Bombay High Court
Rajeshwar Sayanna vs State Of Maharashtra And Another on 13 December, 1982
Equivalent citations: 1983(1)BOMCR343, (1984)ILLJ298BOM
JUDGMENT Khandekar, J.
1. Rule heard. Mr. Godhamgaonkar for the petitioner and Mr. Choudhary, Government Pleader, for the respondents. Mr. Choudhary waives service on behalf of the respondents. By consent of the parties, petition taken up today.
2. Admittedly, the petitioner was working as Police Patil at village Illegaon, Taluka Billoli, District Nanded, with effect from 10th September, 1980 and his appointment was initially for a period of five years. Respondent No. 2 is the competent authority of the petitioner. There is no dispute the Crime No. 41 of 1982 under Ss. 323, 448, 504 & 506, I.P.C. was registered against the petitioner at Dharmabad Police Station and during the stage of investigation, he was arrested on 27th July, 1982 and was released on bail. A charge-sheet against him has also been filed in the relevant Court. The intimation regarding the registration of offence was sent to the Sub-Divisional Magistrate. i.e., respondent No. 2, by the P.S.I. and vide order dated 14th September, 1982 the petitioner came to be suspended as the complaint came to be filed against him.

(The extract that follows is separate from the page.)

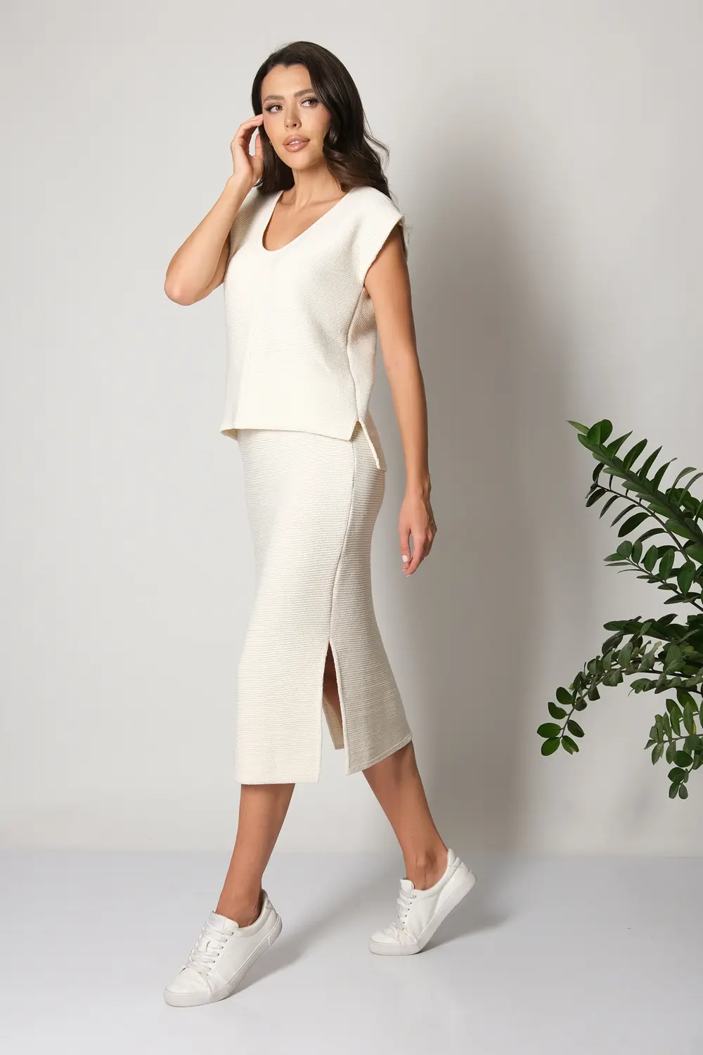Классическая юбка прилегающего силуэта с двумя разрезами по бокам. Можно носить в комплекте с джемпером И 026.

3. It was the grievance of the petitioner that before suspending him from the post of Police Patil, he was got given any hearing by the competent authority nor had the competent authority used the power judicially before passing the impugned order of suspension against him. This point was considered by Division Bench of this Court in writ Petition No. 203-A of 1982, Dhondiraj Vithalrao Patil v. State of Maharashtra, decided on 5th July, 1982. In that writ petition the order of suspension in similar circumstances was quashed and it was held that in cases of this kind suspension works as a penalty and the rules of natural justice require hat the petitioner must be heard before any such order of suspension is passed.
4. Mr. Choudhary, learned Government Pleader, fairly conceded before us that no hearing was given before the impugned order of suspension was passed against the petitioner. He also fairly conceded before us that the papers received from respondent No. 2 did not indicate that the competent authority had perused the papers of investigation for his subjective satisfaction before the order of suspension was passed against the petitioner.

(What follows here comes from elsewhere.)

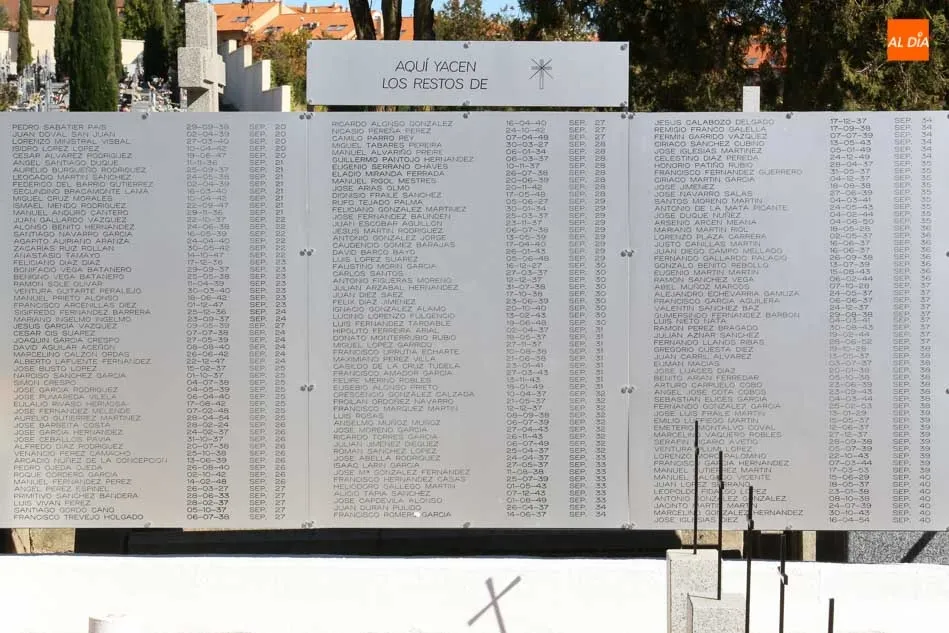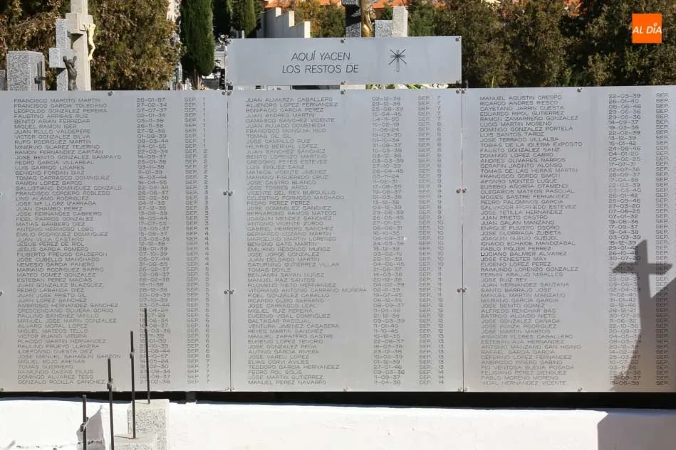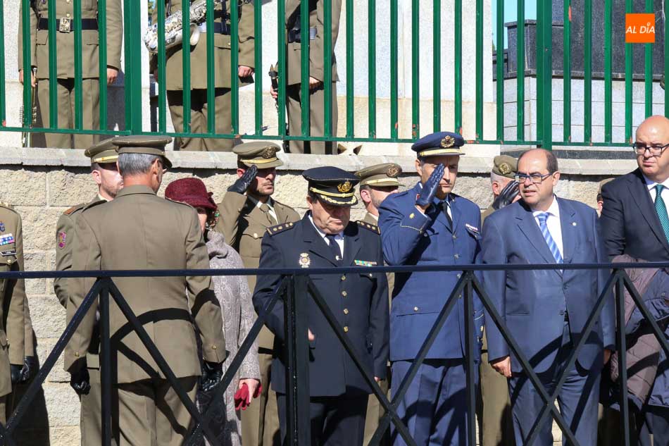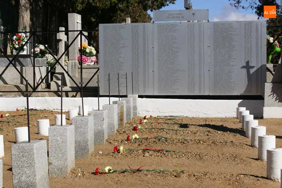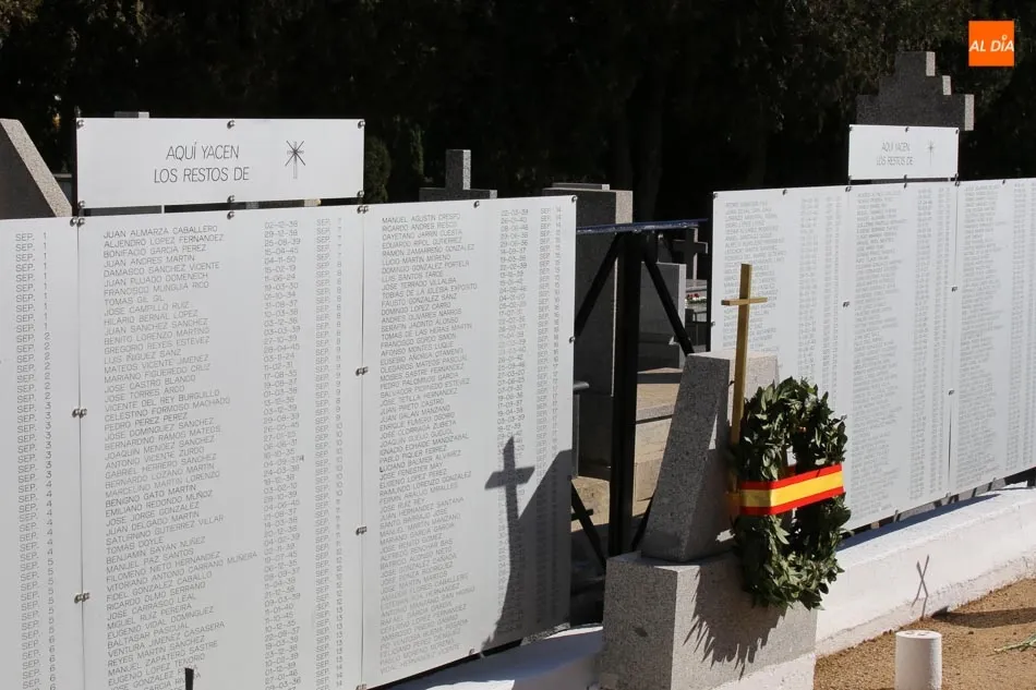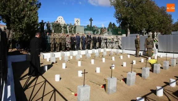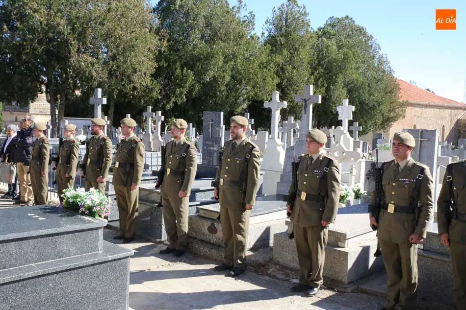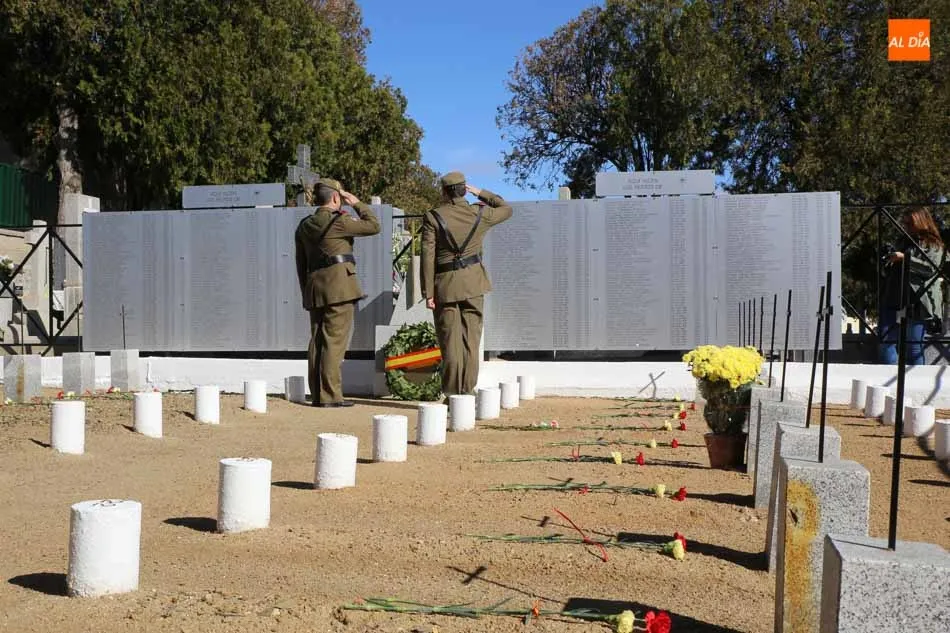 En el panteón militar reposan los restos de soldados de diferentes épocas, algunos de la Guerra Civil, pero también de conflictos anteriores fechados en 1917, 1910 o 1909, cuyos nombres, de los que están identificados, se recuerdan en una placa. En algunos casos, las tumbas son compartidas y no hay constancia exacta de quienes las ocupan, puesto que en algunos casos no se enterraron los cuerpos enteros. Tras la ofrenda floral, la comitiva visitó la tumba donde reposan los restos de Gaspar de Diruel, teniente general y coronel de ingenieros fallecido en Salamanca en 1854.

5. In these circumstances, the order of suspension dated 14th September, 1982 passed by respondent No. 2 against the petitioner is hereby set aside. It will, however, be open to respondent No. 2 to pass a fresh order according to law after giving an opportunity to the petitioner of being heard in the matter in the light of the judgment of the Division Bench referred to above.
6. Accordingly, the rule is made absolute with no order as to costs.